Senera considered the idea. “Possible.”

“No,” Talea said. “It would work, but you’ll kill everyone in the mindscape.”

Senera stopped to give Talea a gimlet stare. She hated that Talea was right. Senera chewed on her lip and considered their options. Nothing good.

Lost in her own thoughts, she hadn’t noticed that Thurvishar was also lost in his. Until at last the man raised his head and said, “What if we linked Vol Karoth’s prison to the Nythrawl Wound?”

“I’m sorry,” Xivan said. “The what?”

Senera felt the idea like an electric shock. “The Nythrawl Wound is where the demons first entered this universe. It’s the gaping wound in reality that Relos Var is attempting to close. Why he created Vol Karoth. It’s on the other continent—Nythrawl.” She shook her head. “It wouldn’t work, Thurvishar. Even if we had sigils at the site of the wound—which we don’t have a way to carry out—transporting Vol Karoth to the wound isn’t the goal. We need to transport Vol Karoth to the other side. To the other universe. And we don’t have a way to do that.”

“We’d need something that originated in that universe,” Thurvishar mused.
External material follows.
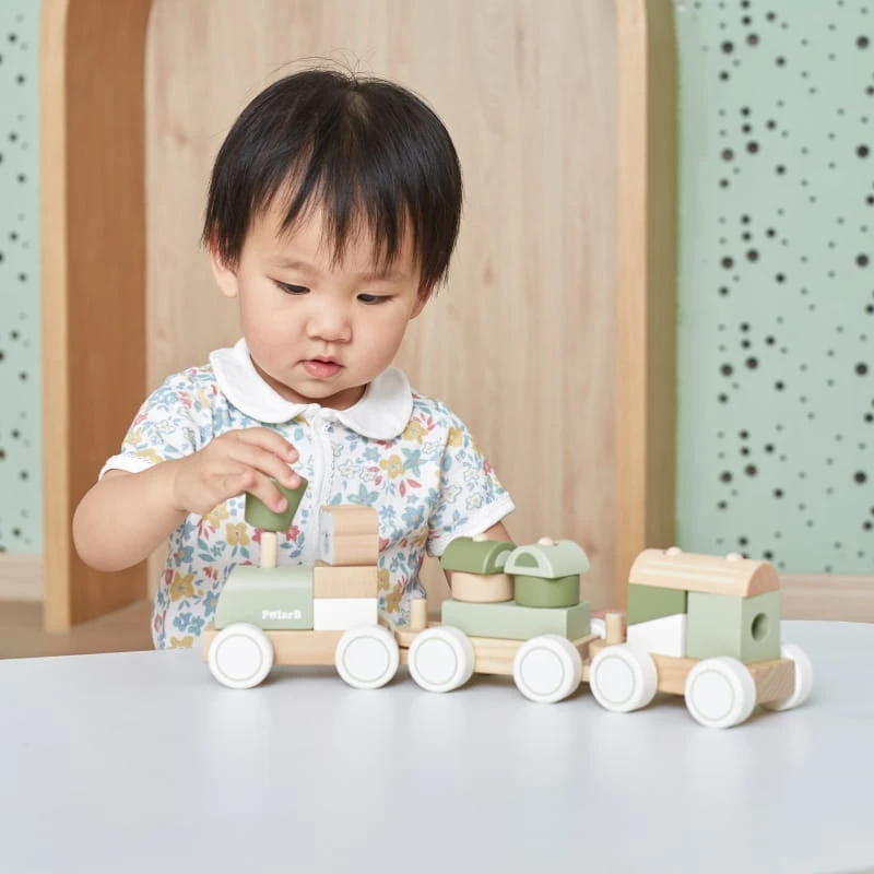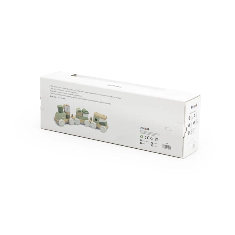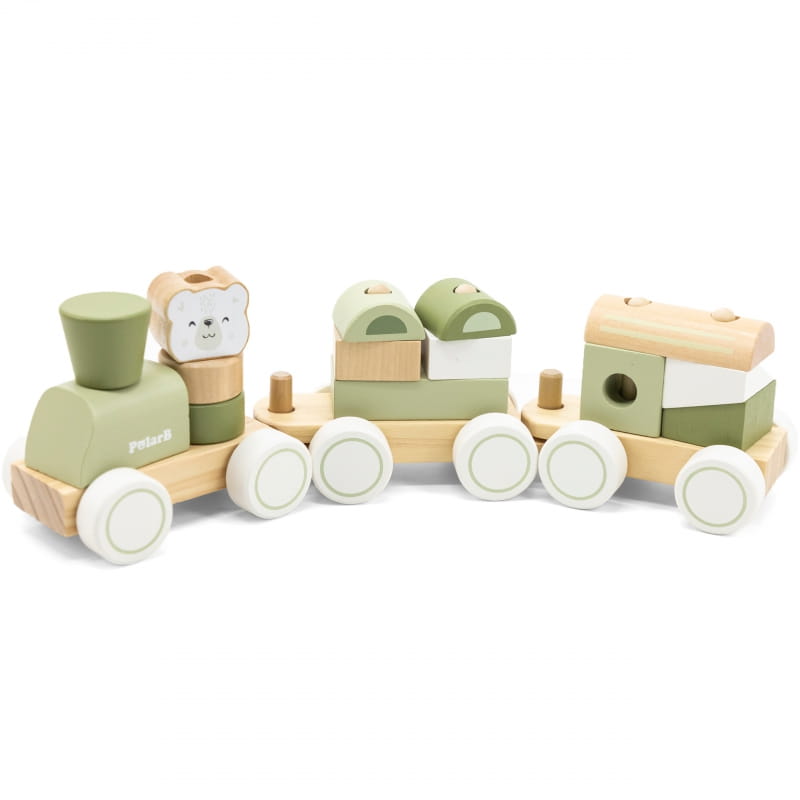 Zielona kolejka marki Viga z kolekcji PolarB to ciekawa zabawka która przynosi wiele frajdy. Składa się z 3 wagonów i 14 klocków o różnych kształtach. Dzięki swojej wyobraźni dzieci mogą tworzyć najróżniejsze kombinacje kształtów i kolorów. Wagoniki można łączyć lub bawić się nimi niezależnie. Układanie klocków rozwija u dzieci umiejętności motoryczne, koordynację ręka- ok oraz zręczność palców.

The four people stared at each other. Then Talea stuck her head out the door and looked down the hall toward the Lighthouse. When she ducked back, she said, “Um, isn’t S’arric originally from that same universe?”

“Xaltorath certainly implied that,” Thurvishar said.

Xivan leaned forward. “Are you saying we can rid the world of Vol Karoth ourselves? Right now? Just draw a few of those glyphs and banish him to that other universe forever?”

Thurvishar thought about it for a minute. “Yes?”

“No,” Senera said. “No, wait.” She inhaled. “We can remove the sigil link here that ties the Lighthouse to Kharas Gulgoth, but not the one at Kharas Gulgoth itself. If we send Vol Karoth to that universe, it will cascade. The Lighthouse will go too.” She paused. “We’ll all go. We’ll all die.”

Everyone paused.

“But the world will be saved,” Xivan said.

“Maybe.” Senera hesitated. “Probably. At least from Vol Karoth.”

“I suppose that is a solution,” Thurvishar said carefully. “Just not a very good one.”

Kihrin’s story Inside Vol Karoth’s prison

Vol Karoth had moved Kalindra.

Jarith threw an absolute fit about it when we reached the spot where he’d claimed Kalindra waited, howling, screaming, and tearing apart the nearby stonework. The pain of his open yearning for his wife was hard to be near.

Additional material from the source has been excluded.